Horsham, Pa.-based NCO, also a major player in the BPO and customer relationship management industry, reported a net loss attributable to the company of $25.5 million for the quarter ended June 30, 2010. In the same period a year ago, NCO reported a net loss of $5.2 million.
Another measure of profitability used by NCO, Adjusted EBITDA (earnings before interest, taxes, deductions and amortization), also fell sharply. Adjusted EBITDA dropped 37.6 percent to $32.2 million in the second quarter.
NCO said that revenue was up for the period. The company reported total revenues of $386.2 million in the second quarter of 2010, up 2 percent from the same period in 2009.
“During the second quarter we continued to be challenged by the current economic cycle,” said NCO Chairman and CEO Michael Barrist. “The adverse impact of reduced volumes from our existing client relationships in the CRM business and in certain aspects of the ARM business that focus on active account management were partially offset by overall strong performance in the remainder of our ARM segment.”
Indeed, the company’s accounts receivable management division (ARM) was the best-performing unit, according to NCO’s regulatory filing. ARM accounted for revenues of $319.7 million, up 7.7 percent from a year ago. The ARM unit posted income from operations of $9.8 million.
NCO’s CRM unit saw its revenue decline 18 percent to $66.5 million.
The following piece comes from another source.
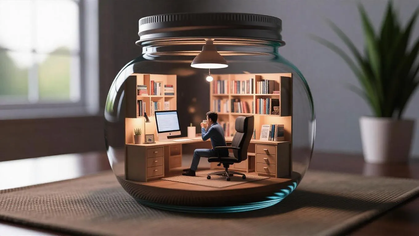 A highly detailed miniature office setup inside a transparent glass jar, featuring a fully furnished workspace with a sleek desk, computer, chair, curios, and tiny bookshelves. A small human figure is reaching for a coffee mug on the desk. Gentle, ambient interior lighting casts a relaxing glow. The jar rests on a fabric-covered surface with a subtle reflection, set against a peaceful, modern background. Ultra-realistic 3D rendering with sharp details and lifelike textures.

CRM posted an operational loss of $10.3 million in the quarter.
The company’s debt purchasing business, Portfolio Management, reported a 38.3 percent decline in revenue to $10.8 million in the second quarter of 2010.
Barrist noted that NCO was focusing on client satisfaction in the second quarter and that as a result, the company won several new clients, which should help NCO grow in the coming quarters.